### Stored data

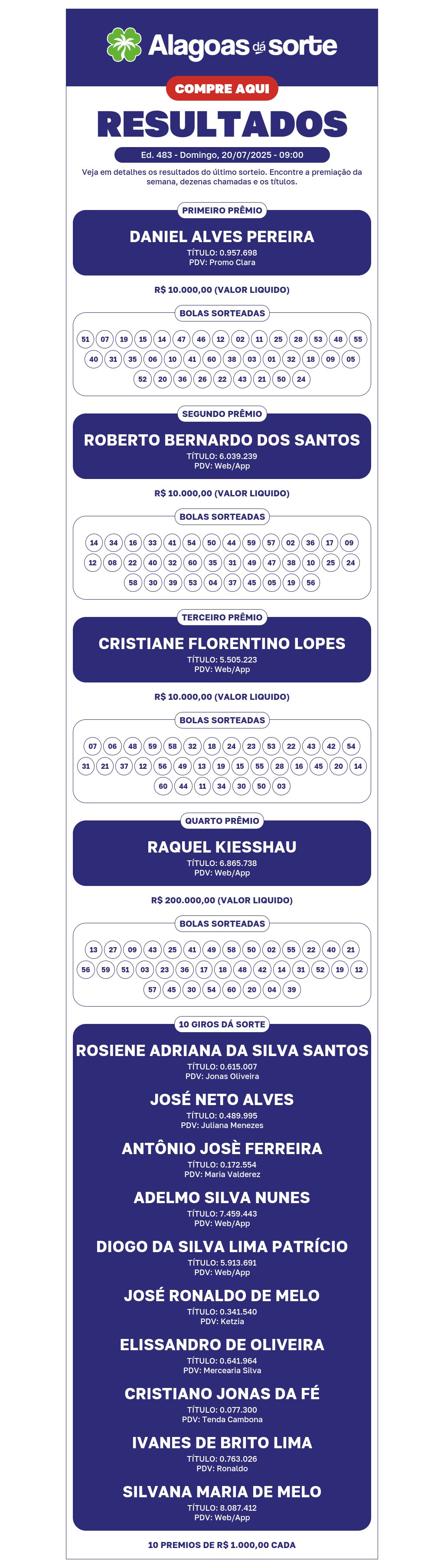 Veja os ganhadores do Alagoas Dá Sorte deste domingo, 20 de julho
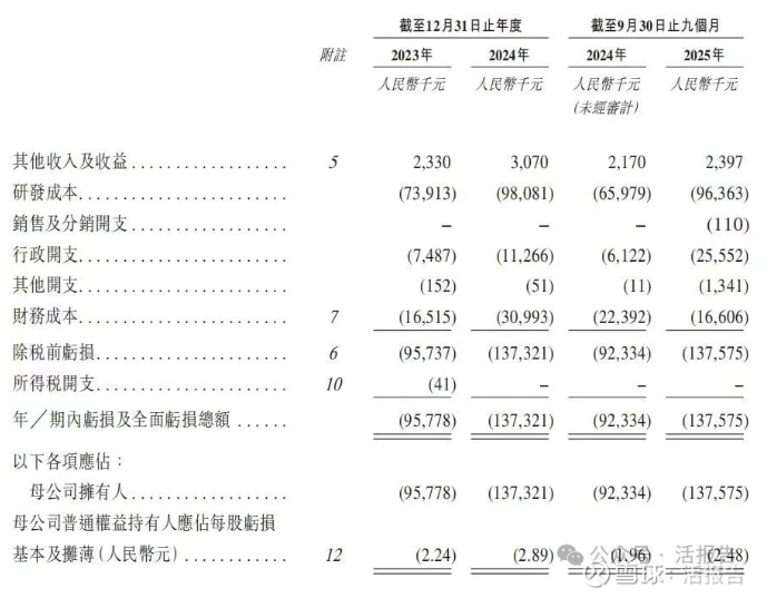 研发分别约为人民币-0.74亿、-0.98亿、-0.66亿、-0.96亿,2025年前9月同比+46.05%;
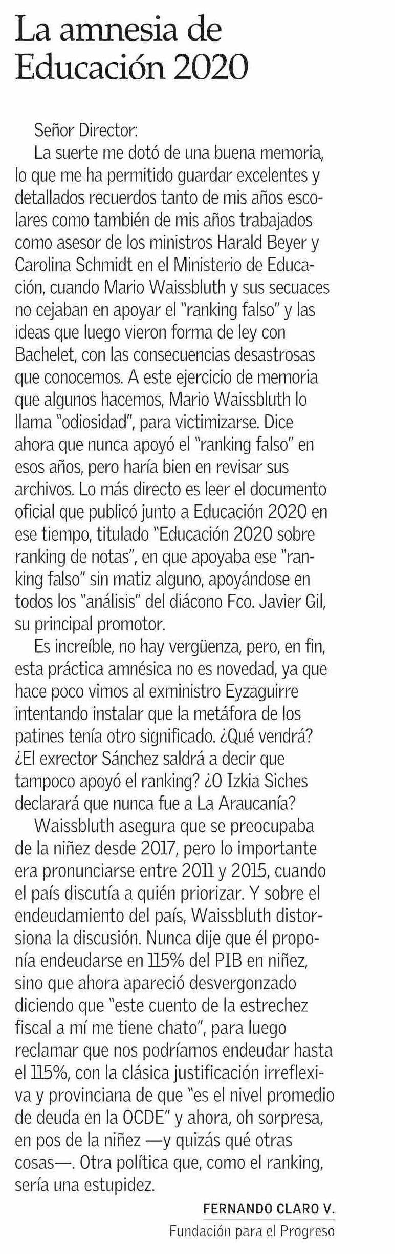 CARTAS: La amnesia de Educación 2020
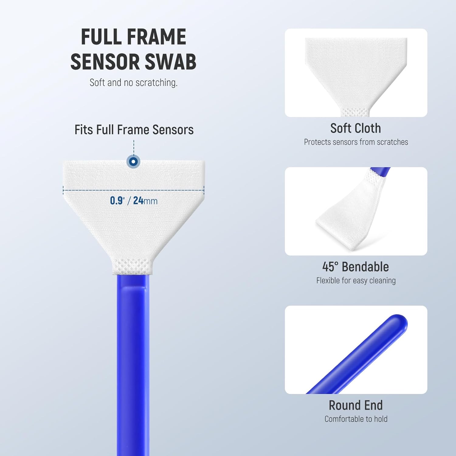 - 【24mm Full Frame Sensor Swab】 The vacuum sealed swab is specially designed for 24mm full frame sensor CCD/CMOS units. With a soft microfiber tip and a flexible grip, the swab can safely clean the sensor without damage, also ideal for monitors, displays, printers, and other delicate electronics
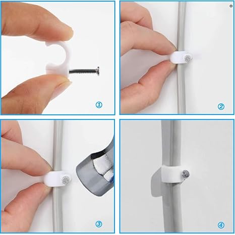 Product Details : 4 Sizes : 4mm + 6mm + 8mm +12mm // Pack of 200pcs // 4mm-50pcs, 6mm-50pcs, 8mm-50pcs, 12mm-50pcs // Cable Clips with Metal Nails Pack of 200 Cable Clips : Includes a total of 200 clips in 4 different sizes for versatile use. Effecient Cable Management : Keep your cables organized and tidy with Hi-PLASST Wire Clips. Easy Installation : Simply hammer into the wall or wooden surfaces to keep cables in place for quick and hassle-free installation. Sturdy Metal Nails : These U-Shaped clips comes with durable metal nails for secure and long-lasting cable management. Multi-Purpose Use : Hi-PLASST wire holder clips for wall are suitable for managing cables of various sizes and types, including power cords, USB cables, dish Tv and ethernet cables. Ideal for organizing electrical wires, LAN cables, TV cables, and more. Neat Appearance : The white color of the Wire Clip // Wall Pin blends seamlessly with any decor, providing a clean and organized look. Pack of 200 : Each pack includes 200 cable clips, ensuring you have enough to tackle all your cable management needs.
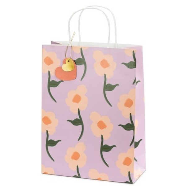 | Darčeková taška Kvety vo fialkovej farbe s farebnou potlačou a 2 visačkami v tvare srdiečok Originálna darčeková taštička … |
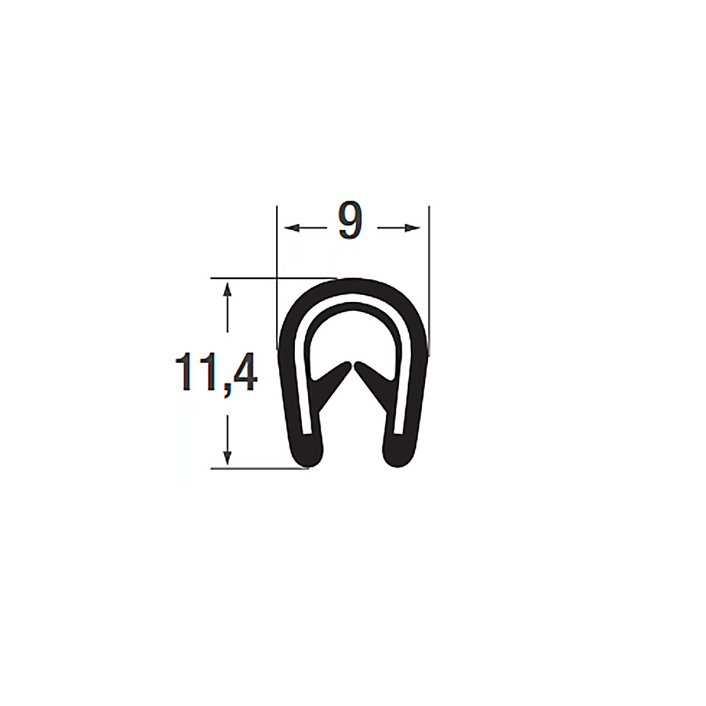 90.A0200401109.00 Kantafwerkprofiel PVC - 2,0-4,0mm - HxB 11,4x9mm - zwart - 100 meter 2,0-4,0 9 11,4 Zwart PVC Staal klemband inlage

######

§ **Exercise requirements**:
Retype every entry above exactly and, please, skip the pictures.

§ **Task output**:
 Veja os ganhadores do Alagoas Dá Sorte deste domingo, 20 de julho
 研发分别约为人民币-0.74亿、-0.98亿、-0.66亿、-0.96亿,2025年前9月同比+46.05%;
 CARTAS: La amnesia de Educación 2020
 - 【24mm Full Frame Sensor Swab】 The vacuum sealed swab is specially designed for 24mm full frame sensor CCD/CMOS units. With a soft microfiber tip and a flexible grip, the swab can safely clean the sensor without damage, also ideal for monitors, displays, printers, and other delicate electronics
 Product Details : 4 Sizes : 4mm + 6mm + 8mm +12mm // Pack of 200pcs // 4mm-50pcs, 6mm-50pcs, 8mm-50pcs, 12mm-50pcs // Cable Clips with Metal Nails Pack of 200 Cable Clips : Includes a total of 200 clips in 4 different sizes for versatile use. Effecient Cable Management : Keep your cables organized and tidy with Hi-PLASST Wire Clips. Easy Installation : Simply hammer into the wall or wooden surfaces to keep cables in place for quick and hassle-free installation. Sturdy Metal Nails : These U-Shaped clips comes with durable metal nails for secure and long-lasting cable management. Multi-Purpose Use : Hi-PLASST wire holder clips for wall are suitable for managing cables of various sizes and types, including power cords, USB cables, dish Tv and ethernet cables. Ideal for organizing electrical wires, LAN cables, TV cables, and more. Neat Appearance : The white color of the Wire Clip // Wall Pin blends seamlessly with any decor, providing a clean and organized look. Pack of 200 : Each pack includes 200 cable clips, ensuring you have enough to tackle all your cable management needs.
 | Darčeková taška Kvety vo fialkovej farbe s farebnou potlačou a 2 visačkami v tvare srdiečok Originálna darčeková taštička … |
 90.A0200401109.00 Kantafwerkprofiel PVC - 2,0-4,0mm - HxB 11,4x9mm - zwart - 100 meter 2,0-4,0 9 11,4 Zwart PVC Staal klemband inlage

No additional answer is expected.